_Aim of the exercise_.
Nothing but the images is to be left out of your exact copy of the entries.

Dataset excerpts
━━━━━━━━

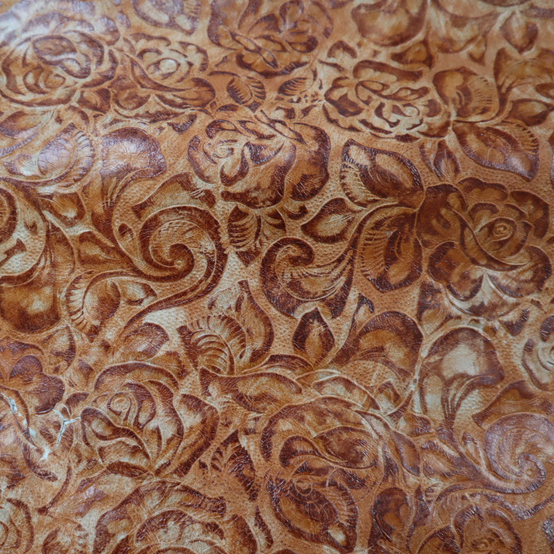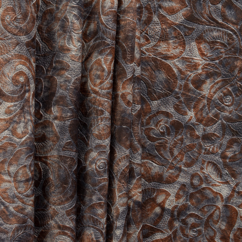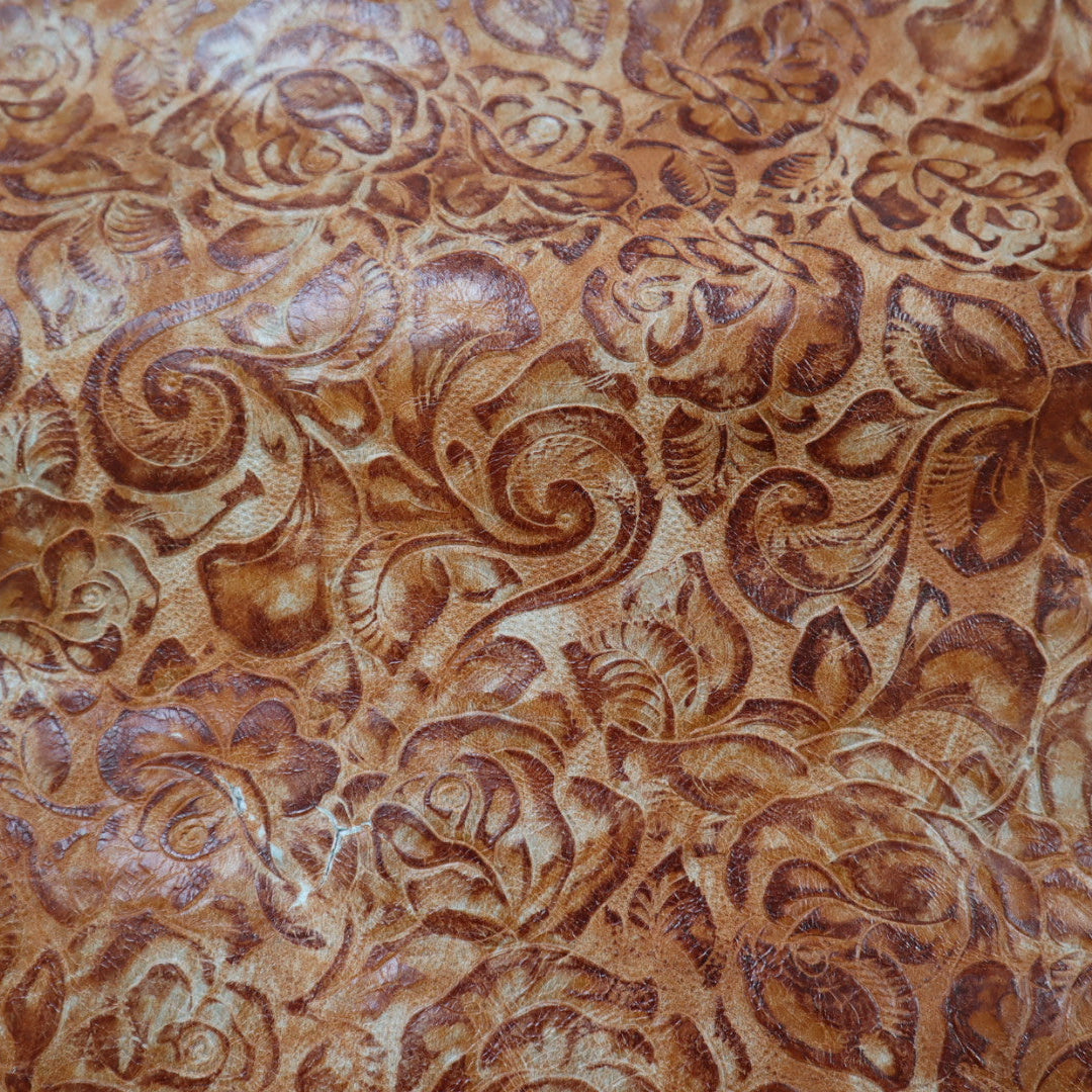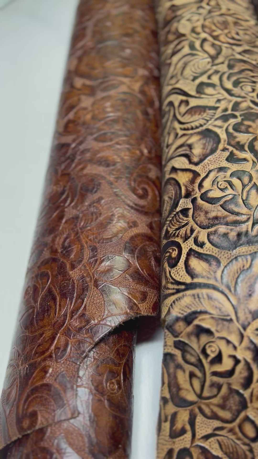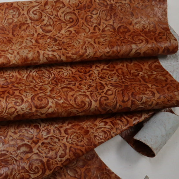 Jessie James- Embossed top grain cowhide in uniform large rose petal design. Hand applied aniline dyes in multi color combinations. Colors may vary skin to skin due to the hand made anline dye process.
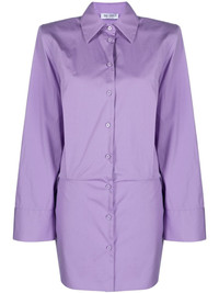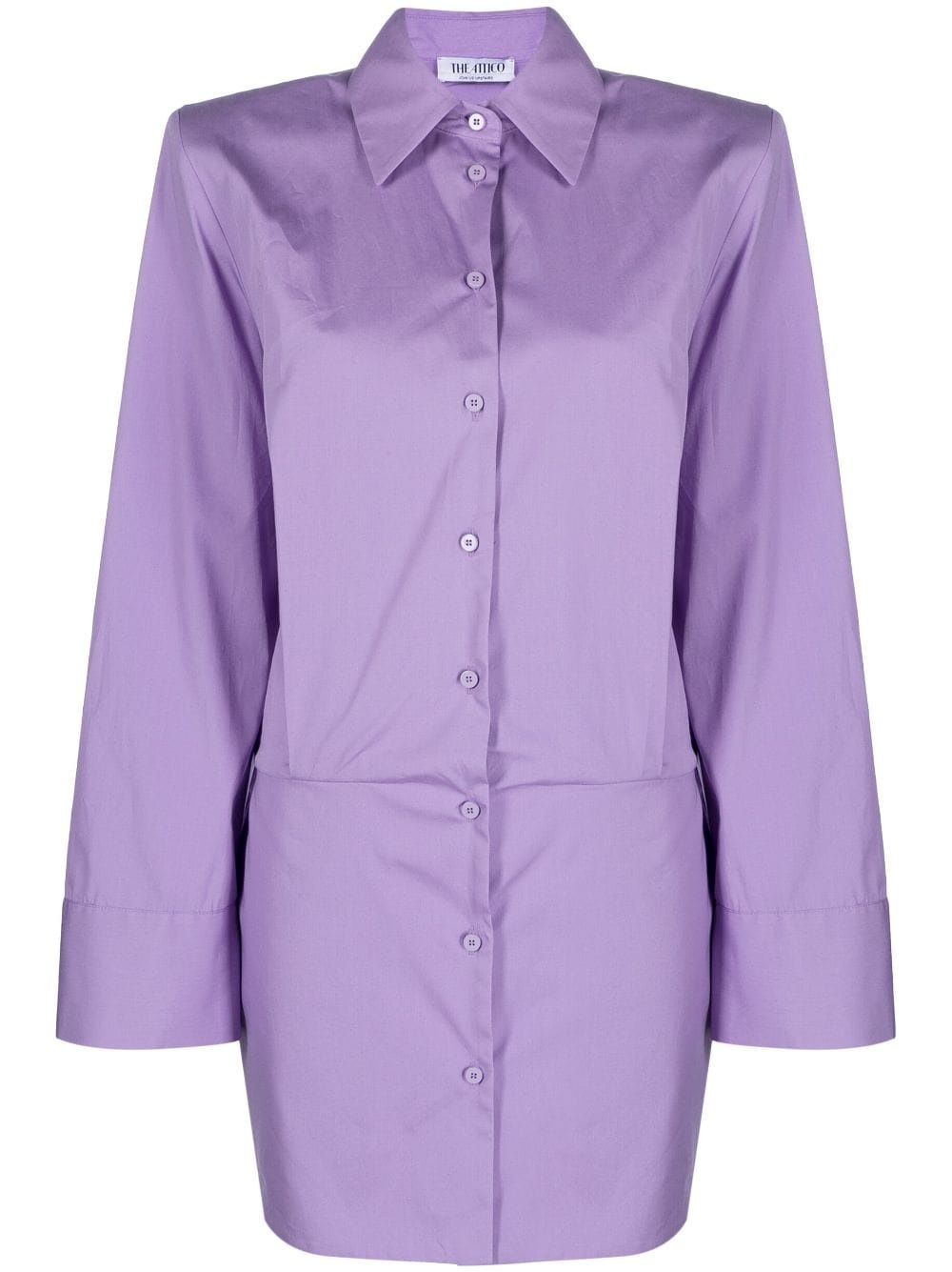 structured cotton shirt dress The Attico’s ability to blend minimalist and maximalist sensibilities is evident in the design of this shirt dress. Crafted from cotton, the piece arrives in a lavender purple hue and flaunts padded shoulders for a structured silhouette. Highlights - Lavender purple - Cotton - Front button fastening - Classic collar - Shoulder pads - Long sleeves - Straight hem - Thigh-length Made in Italy Composition Cotton 100% SIZE & FIT Model measurements Height 5 ft 9 in(1.75 m) Bust/Chest 31.49 in(80 cm) Hips 34.05 in(86.5 cm) Waist 24.21 in(61.5 cm) Measurement HIPS 35.43 in(90 cm) LENGTH 33.07 in(84 cm) WAIST 29.13 in(74 cm) FittingInformation Designed for a loose fit at the chest and waist with a close fit at the hips The internal shoulder pads offer a structured shape Made from a midweight non-stretch fabric This piece fits true to size – take your usual size
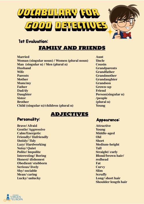 Aunt Uncle Cousin Grandparents Grandfather Grandmother Grandaughter Grandson Grown-up Friend Person(singular n) /people (plural n) Young
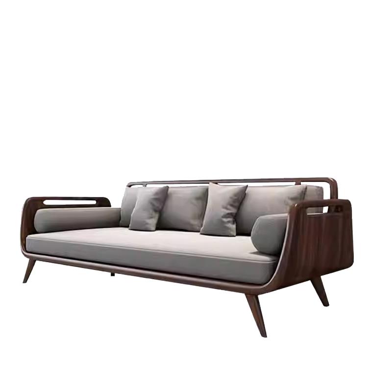 新中式胡桃木沙发高端实木沙发床轻奢现代简约布艺罗汉床家具新款
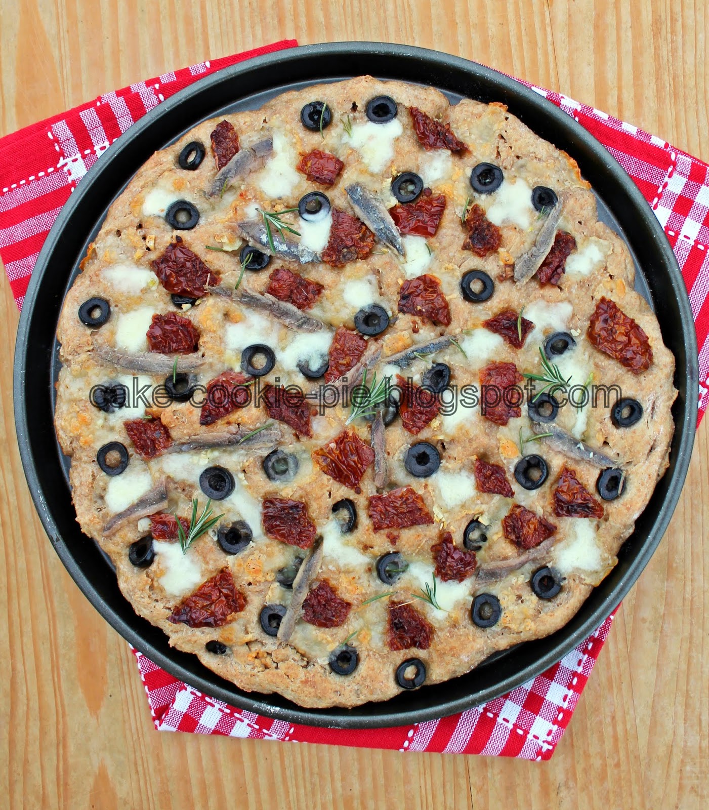 Integralna focaccia s mozzarellom, sušenim pumidorima i crnim maslinama
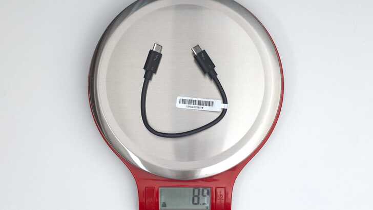 隨附一條超短的 Thunderbolt 3 Cable,重量約 8.9g。這應該是手上數十條 Thunderbolt 3、Thunderbolt 4 認證線中最短的,對於攜帶上會方便不少。
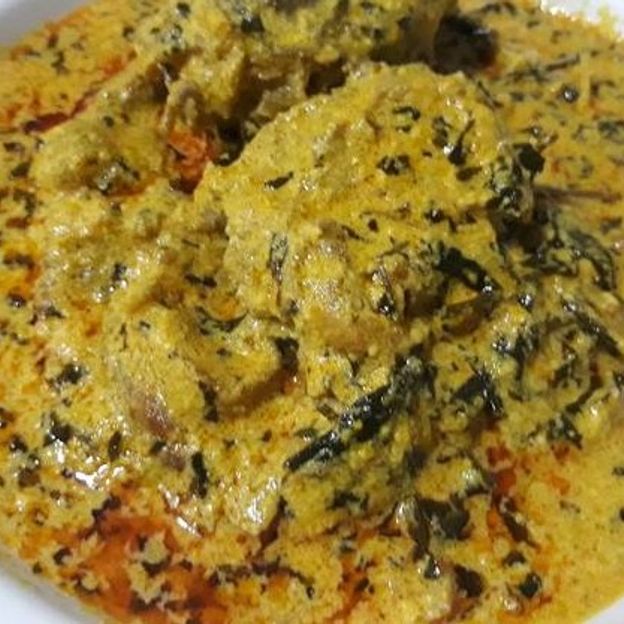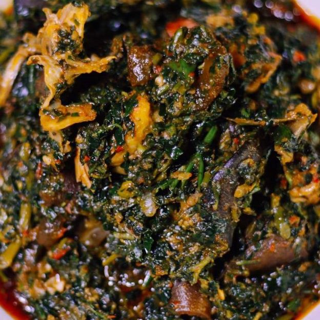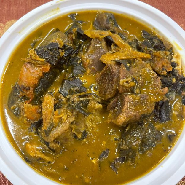 This is a Nigerian native soup that is prepared with traditional ingredients, including bitter leaf, crayfish, pepper, cocoyam and palm oil. Swallow is included, select your protien.
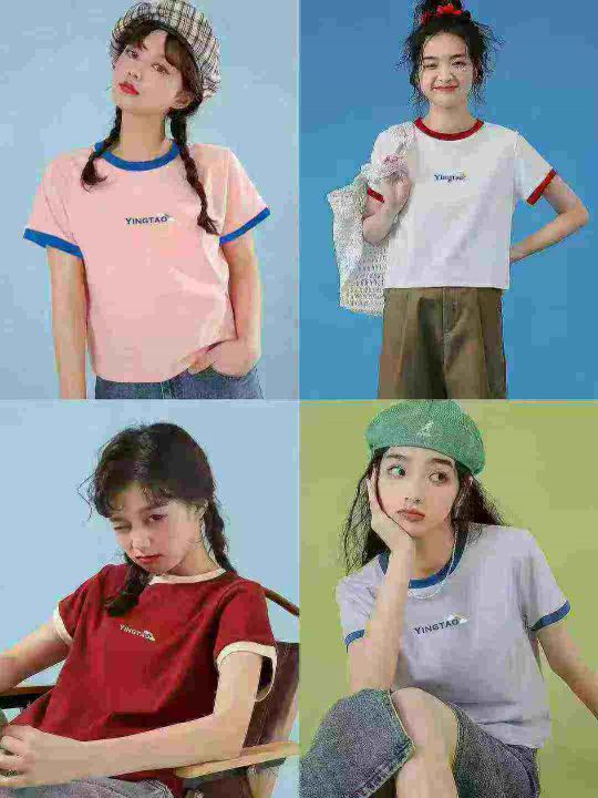 夏季新品100纯棉短袖果糖色密度220克t恤女学生宽松韩版靓妹女装短款上衣服,数量800件,码数s-2xl,后领包边,纯色30多件独立包装吊牌,可入超市商场地摊销售,全清7.8元,分货+0.5元
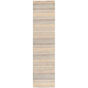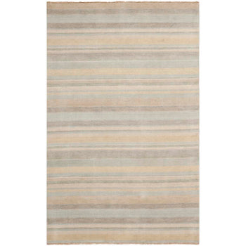 Neutral and pastel tones soften the geometry of this transitional multi-stripe Tibetan rug by Safavieh. Hand-knotted of high mountain wool, this casual, understated rug is equally appropriate for rustic and urban dwellings.

━━━━━━━━

_Expected answer_.
 Jessie James- Embossed top grain cowhide in uniform large rose petal design. Hand applied aniline dyes in multi color combinations. Colors may vary skin to skin due to the hand made anline dye process.
 structured cotton shirt dress The Attico’s ability to blend minimalist and maximalist sensibilities is evident in the design of this shirt dress. Crafted from cotton, the piece arrives in a lavender purple hue and flaunts padded shoulders for a structured silhouette. Highlights - Lavender purple - Cotton - Front button fastening - Classic collar - Shoulder pads - Long sleeves - Straight hem - Thigh-length Made in Italy Composition Cotton 100% SIZE & FIT Model measurements Height 5 ft 9 in(1.75 m) Bust/Chest 31.49 in(80 cm) Hips 34.05 in(86.5 cm) Waist 24.21 in(61.5 cm) Measurement HIPS 35.43 in(90 cm) LENGTH 33.07 in(84 cm) WAIST 29.13 in(74 cm) FittingInformation Designed for a loose fit at the chest and waist with a close fit at the hips The internal shoulder pads offer a structured shape Made from a midweight non-stretch fabric This piece fits true to size – take your usual size
 Aunt Uncle Cousin Grandparents Grandfather Grandmother Grandaughter Grandson Grown-up Friend Person(singular n) /people (plural n) Young
 新中式胡桃木沙发高端实木沙发床轻奢现代简约布艺罗汉床家具新款
 Integralna focaccia s mozzarellom, sušenim pumidorima i crnim maslinama
 隨附一條超短的 Thunderbolt 3 Cable,重量約 8.9g。這應該是手上數十條 Thunderbolt 3、Thunderbolt 4 認證線中最短的,對於攜帶上會方便不少。
 This is a Nigerian native soup that is prepared with traditional ingredients, including bitter leaf, crayfish, pepper, cocoyam and palm oil. Swallow is included, select your protien.
 夏季新品100纯棉短袖果糖色密度220克t恤女学生宽松韩版靓妹女装短款上衣服,数量800件,码数s-2xl,后领包边,纯色30多件独立包装吊牌,可入超市商场地摊销售,全清7.8元,分货+0.5元
 Neutral and pastel tones soften the geometry of this transitional multi-stripe Tibetan rug by Safavieh. Hand-knotted of high mountain wool, this casual, understated rug is equally appropriate for rustic and urban dwellings.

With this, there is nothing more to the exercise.